Geplant ist, dass Erik am Abend mit der Bahn die 600 km lange Reise zur Baustelle antreten soll. Zuerst muss er sich allerdings im Büro der Firma melden, damit sich jemand um die Koffer im Zoll kümmert. Außerdem braucht er ja noch die Zugtickets und weitere Details, wie er schließlich zur Baustelle kommt. Erik sucht aus seinem Adressbuch die Kontaktdaten und Telefonnummer des Büros. Es meldet sich eine Inderin, die ein leidliches Englisch spricht. Etwas überrascht ist Erik dann doch, als die Person, an die er weitergeleitet wird, sich in perfektem Deutsch meldet.
»Hallo, Herr Jacobsen, willkommen in Delhi. Hatten sie eine gute Reise?«
Erik erzählt dem Büroleiter seine Geschichte. Er ist weder überrascht noch verärgert, sondern erklärt nur, dass das öfters passiert. Erik muss allerdings noch einen Tag länger in Delhi bleiben, um die Formalitäten mit dem Zoll zu klären. Außerdem bräuchte er Eriks Reisepass, da gegen ihn ja ein Verfahren eingeleitet wurde. Bevor er wieder ausreisen möchte, sollte das Verfahren abgeschlossen sein. Ansonsten dürfte es bei der Ausreise Probleme geben. Der Büroleiter erklärte weiter, dass er einen Boten schicken wird, der sich darum kümmern wird.

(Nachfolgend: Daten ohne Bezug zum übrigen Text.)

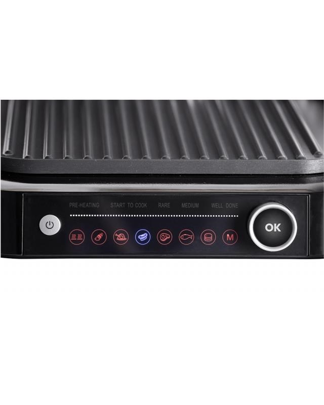 Pre ešte pohodlnejšiu prípravu grilovaných jedál má Grillchef-2 ovládaciu obrazovku s LED displejom, na ktorej si jednoducho navolíte požadovaný režim grilovania. Na výber máte zo 6 programov vrátane funkcie Defrost a manuálneho režimu (M).
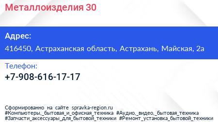 Металлоизделия. 30 по адресу 416450, Астраханская область, Астрахань, Майская, 2а в дальнейшем Организация, размещена в следующих категориях: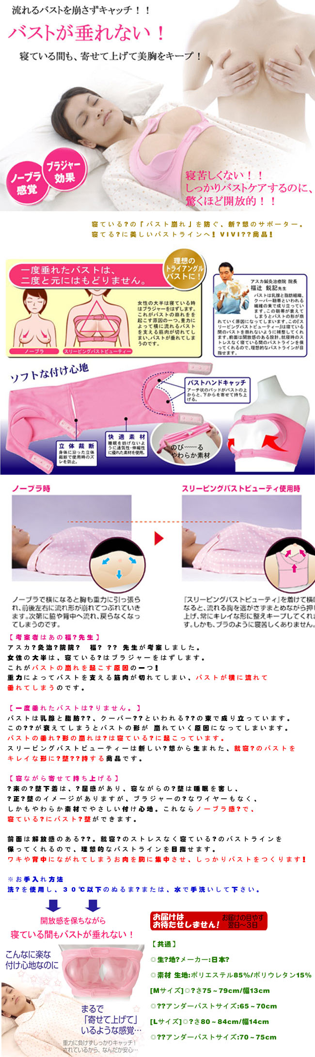 Description : 女性總會習慣在睡覺的時候,將內衣拿下,主要是因為內衣 的鋼圈設計,總會壓到肌膚,讓人感到不舒適 ... 在睡眠中,完美的胸型也漸漸的遠離。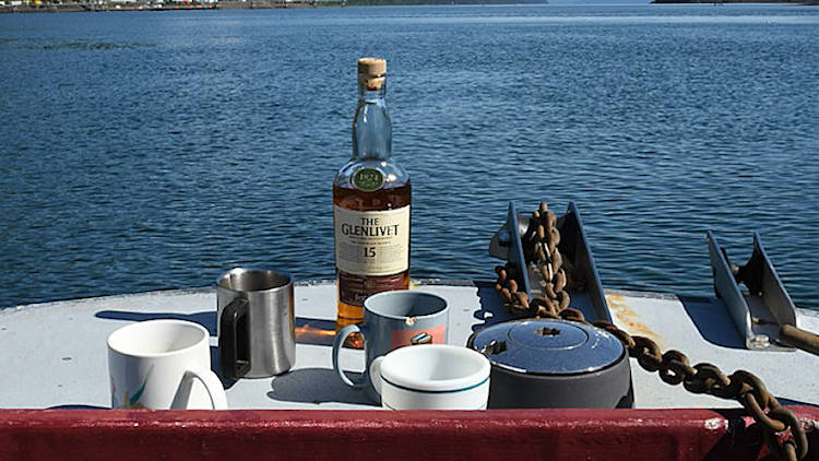 Die Berge sind alle noch schneebedeckt. Zahlreiche Gletscher kalben ins Meer und senden Eisschollen auf die Reise. Wir geniessen Whisky mit Gletschereis und saugen die wilde Landschaft in uns auf.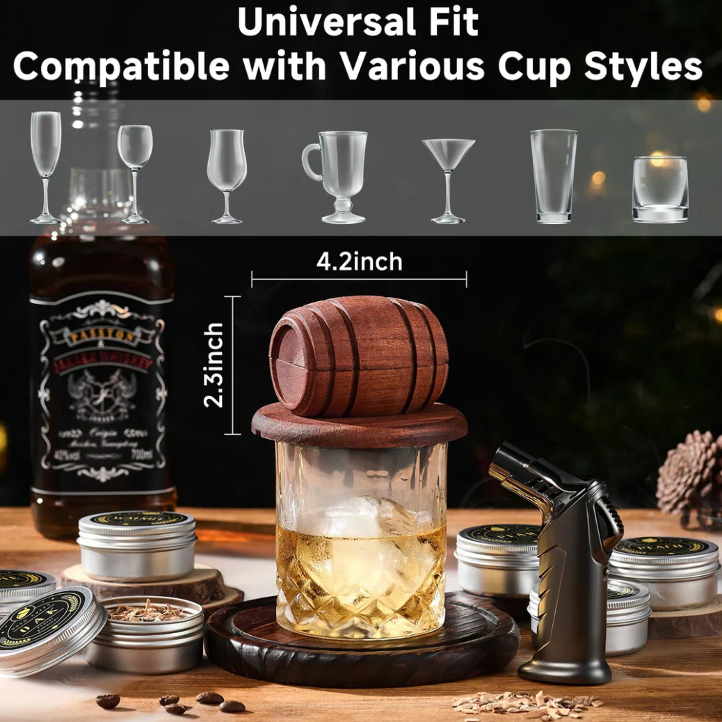 Complete Kit – Our premium Cocktail Smoker kit includes everything you need for a perfect smoking experience. From a high-end oak wood smoke top, a torch lighter without butane, six different natural wood chip flavors, ice molds, metal filter, two glasses, to a beautifully presented gift box, we give you the complete package to enhance your at-home bar and kitchen.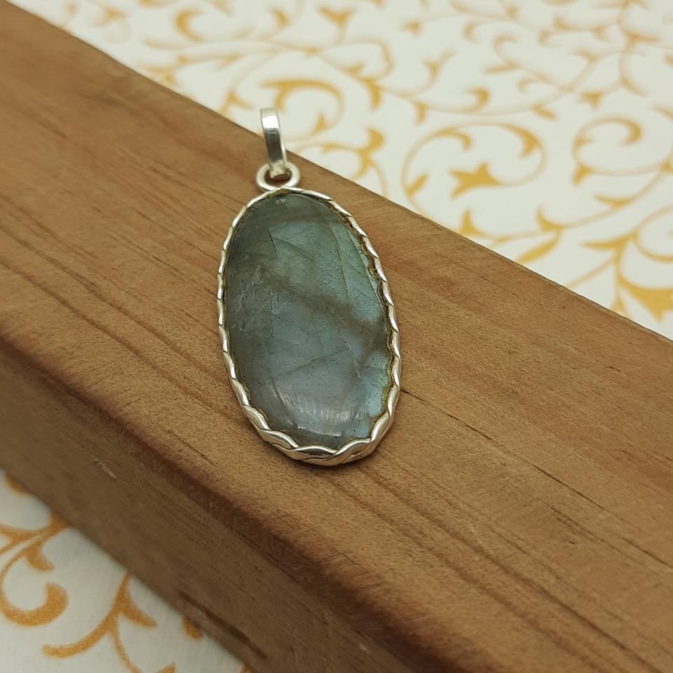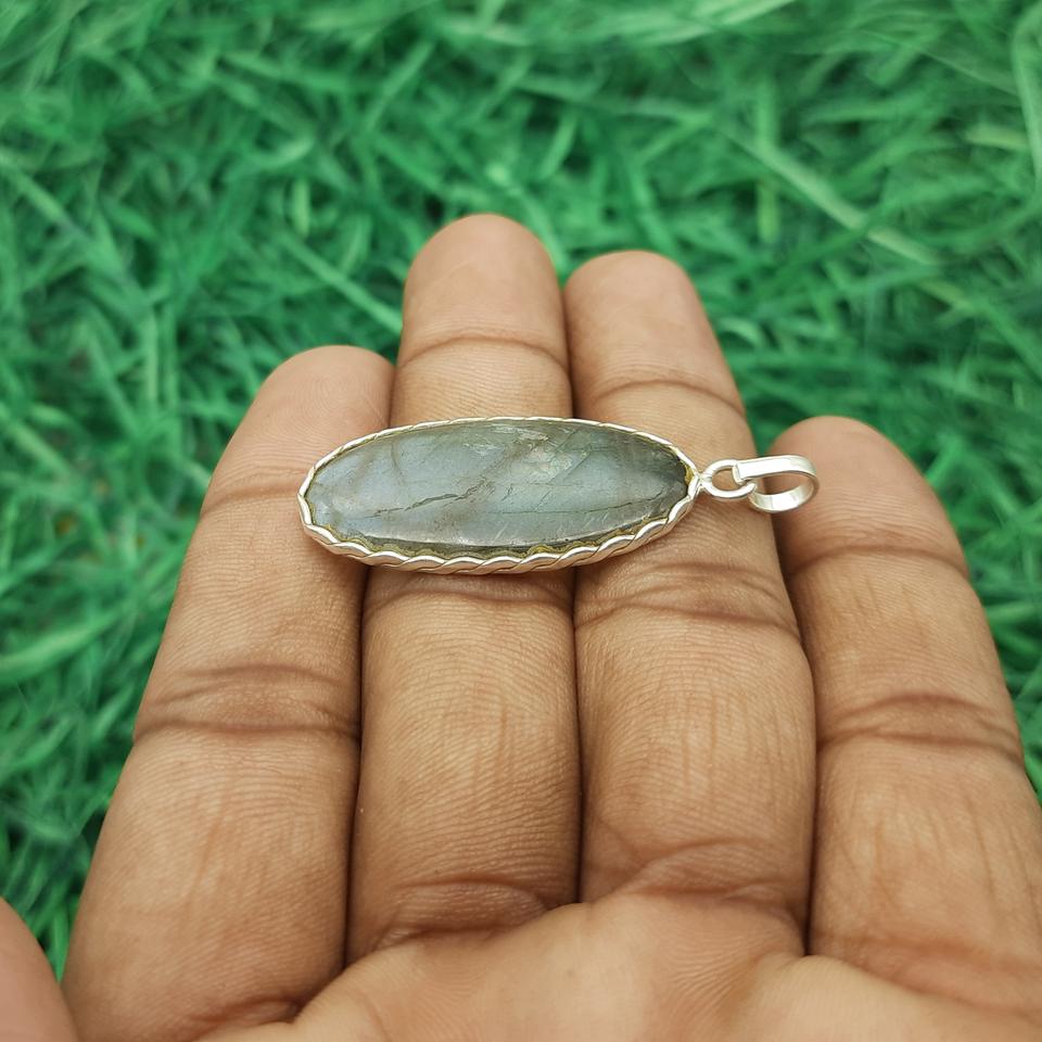 Pendentif en pierre naturelle de labradorite fait à la main en argent sterling 925 pendentif ovale au design simple cadeau pour elle bijoux fins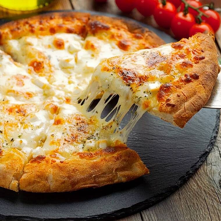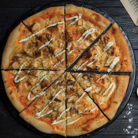 Pizza personal (20x20 cm) Crema de leche, queso mozzarella , pollo, cebolla y tocineta.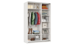 Лицевые элементы оформлены кромкой ПВХ толщиной 2 мм . Внутренние и скрытые детали защищены кромкой ПВХ толщиной 0,4 мм. Штанга для одежды расположена в левой части корпуса, выдерживает нагрузку до 22кг.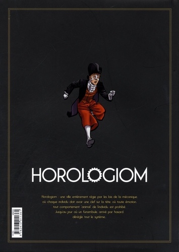 Retrouvez le chef-d'oeuvre de Fabrice Lebeault en version intégrale et laissez-vous emporter par une poésie souvent comparée à celle du Roi et l'Oiseau de Paul Grimault. Horologiom, un récit à la mécanique bien huilé... Horologiom est une ville régie par les lois de la mécanique. Chaque citoyen possède une clef au sommet du crâne que des robots à la main du pouvoir sont les seuls habilités à remonter. Les émotions et les comportements primitifs sont prohibés. Le strict respect des règles préserve la cité de tout imprévu... jusqu'au jour où un funambule déboule par accident, tel un grain de sable dans l'engrenage.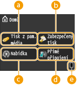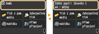 Na displeji se otevře obrazovka <Domů> nebo obrazovka nastavení, kde můžete spustit funkce, jako je tisk ze zařízení USB nebo zabezpečený tisk. Tento displej lze použít také ke kontrole různých informací, jako jsou chybové zprávy a provozní stav zařízení. Obrazovka je také dotyková, takže můžete provádět různé úlohy přímým stisknutím požadovaného místa na obrazovce.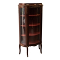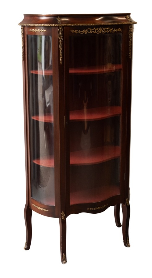 20TH CENTURY MAHOGANY FRENCH-STYLE SERPENTINE FRONTED VITRINE with russet baise shelved interior, chetal mounted, on short cabriole legs, 56" high (142cm)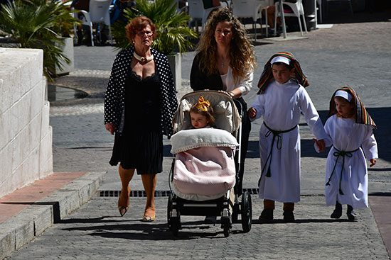 C'est le jour de la bénédiction des rameaux aujourd'hui ! Les anciennes, rameaux d'olivier à la main, attendent la sortie de l'église. Quelques fillettes en aubes blanches, coiffées d'un étrange foulard qui leur donnent des airs d'égyptiennes, vont et viennent au milieu des adultes.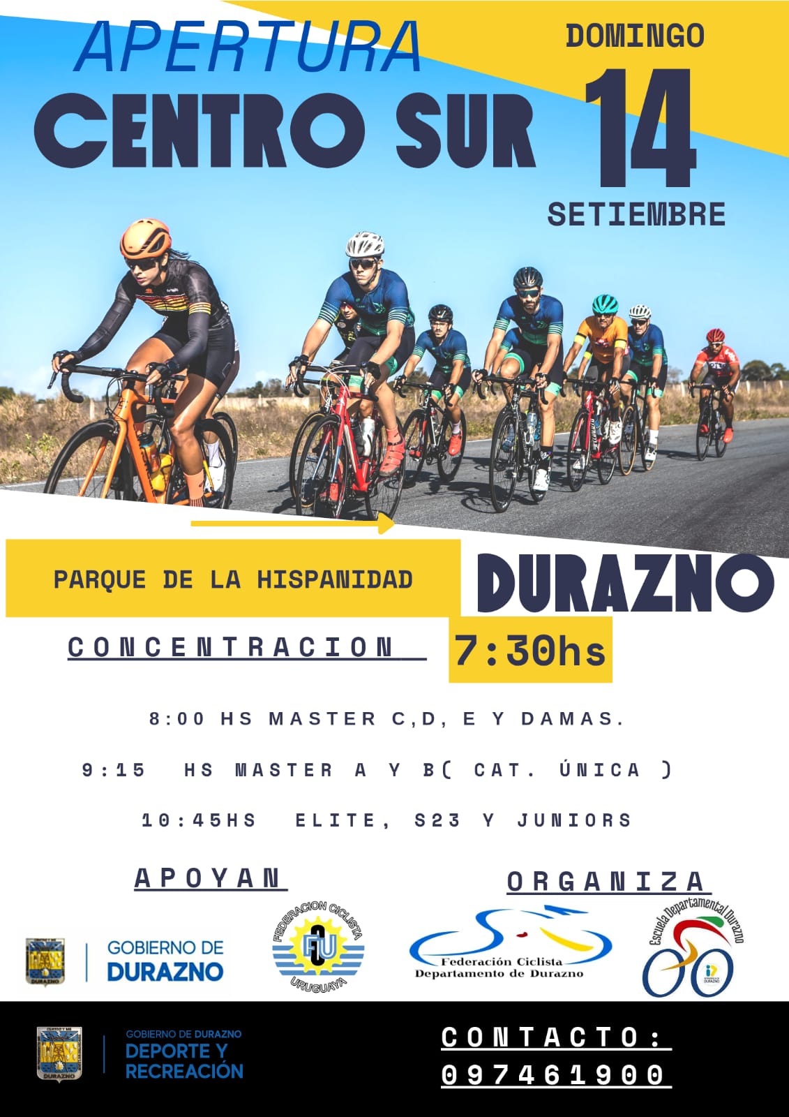 Organizan: Federación Ciclista Departamental de Durazno y Escuela Departamental de Ciclismo. Apoya: Gobierno de Durazno.

Etwas irritiert legt Erik den Hörer wieder auf. Den Pass abzugeben ist irgendwie keine gute Idee.
»Wenn ihm jetzt irgendetwas passiert, kann ich womöglich nicht einmal das Land verlassen, sondern kann nur beten, dass ich die Zustände überlebe.«, murmelt Erik entnervt zur Wand. »Na ja, wird schon irgendwie schiefgehen.«, wischt er seine negativen Gedanken beiseite.
Da der Zug erst am Abend abfährt, ist eigentlich noch genug Zeit, um sich die Stadt etwas näher anzusehen. »Mit dem Taxi eine Rundfahrt zu machen dürfte wohl die beste Methode für das Erste sein!«, entscheidet sich Erik und zieht sich an.